As they run on electricity - which is increasingly generated by renewable sources - they’re a more sustainable alternative to ICEs. They produce no carbon emissions or harmful tailpipe pollution.
EVs are cheaper to run than ICE or hybrids, because electricity’s far cheaper per mile than petrol or diesel, and carries no fuel duty. Alongside this, there are a number of Government incentives, ranging from zero vehicle excise duty to grants.
With fewer moving parts than ICE or hybrid vehicles, EV fleets should incur lower maintenance costs, too.
These mean their whole life costs can be much cheaper than their apparent headline costs. A pure EV fleet also has the potential to become an asset rather than a cost centre as vehicle to grid (V2G) charging comes on stream at scale.
Upsides of pure EVs
- Zero tailpipe emissions
- Valuable incentives to switch
- Lower whole-life costs than ICE and hybrid vehicles
- A future-proof choice
Downsides of pure EVs
- Investment required in charging facilities
- May require significant new electric infrastructure – which will require a business case
- You may require an audit of your organisation’s and your fleet drivers’ needs before making the business case for EVs
Mild hybrid vehicles
These are effectively ICE vehicles with a more powerful starter motor called a belt alternator starter (or a 40v battery). This enables them to recover energy that would normally be lost in braking.
This energy’s used to recharge the battery, which then helps to turn the wheels, offering some improvements to torque and efficiency. Mild hybrids are very rarely powered by electricity alone, often using petrol as a reserve when the electricity runs out.
While hybrids are still a step in the right direction, their reliance on a secondary fuel means that there are still tailpipe emissions associated with these vehicles.
As a result of the secondary fuel, hybrids may have a greater range than pure EVs. If greater sustainability is the goal, however, then hybrids won’t be the best solution for many businesses.

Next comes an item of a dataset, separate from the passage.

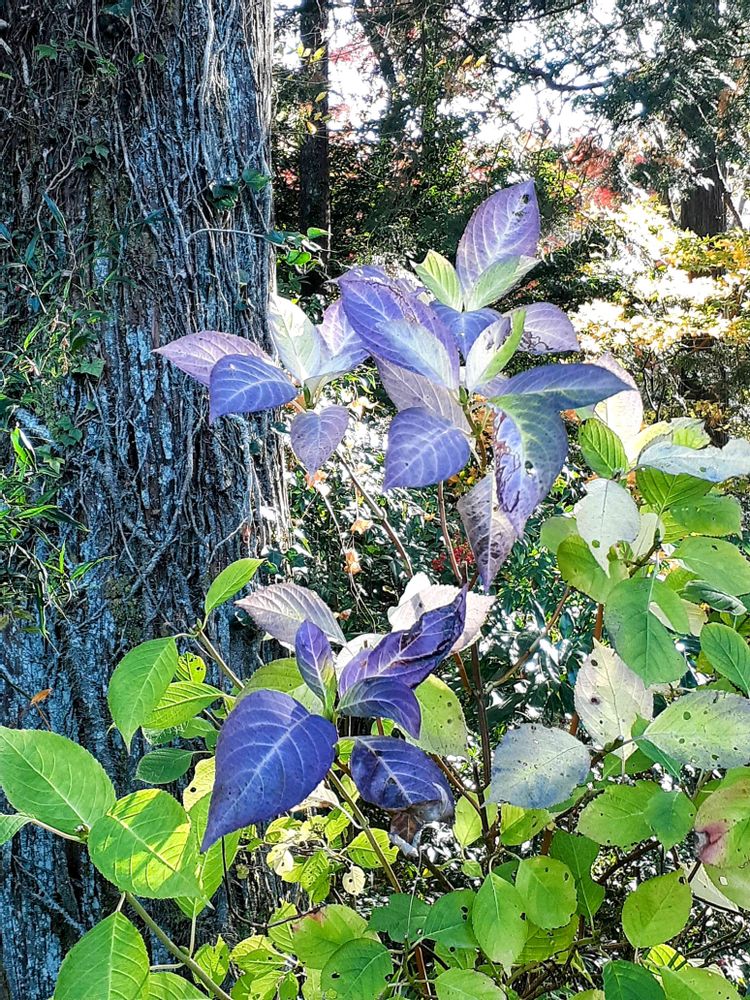 紫陽花の葉、珍しい色合いの紅葉ですね‼️

Self-charging hybrid vehicles
These vehicles combine an ICE (usually petrol driven) with an electric motor and a much bigger battery pack than their mild hybrid cousins. Their batteries are charged by regenerative braking and by the ICE.
They can be powered by the battery only – though rarely for more than a couple of miles at a time. They are typically powered by a combination of battery and ICE.
Like mild hybrids, the use of a secondary fuel means still produces tailpipe emissions.
Plug-in hybrid vehicles
These combine an ICE with an electric motor and a much larger battery pack that can be charged with mains electricity.
Electric-only range tends to be greater than with self-charging hybrids. However, many plug-in hybrid owners tend to charge their batteries infrequently. This makes them less efficient over time, and leads to more distance being covered using only the ICE, leading to greater emissions and fuel costs.
Upsides of hybrids
- Potentially greater fuel economy than comparable ICE vehicles
- Lower carbon emissions
- Cheaper vehicle excise duty
- Exempt from some ultra-low emission zone (ULEZ) and congestion charging zone fees
Downsides of hybrids
- All hybrids still produce carbon emissions and tailpipe pollution unless being driven in electric-only mode
- Less opportunity to benefit financially from smart charging and potential V2G services
- An interim technology that will quickly become outdated as the Government’s 2030 deadline for ICE vehicles comes closer.
From our experience, pure EVs are the more sustainable option when it comes to commercial fleet electrification. That’s equally true whether you compare them on an environmentally led or a cost-led basis.
Any progress, however, is better than no progress. If hybrid EVs are more appropriate for your organisation’s individual needs, they’re the right option - and still a step on the road to reducing emissions.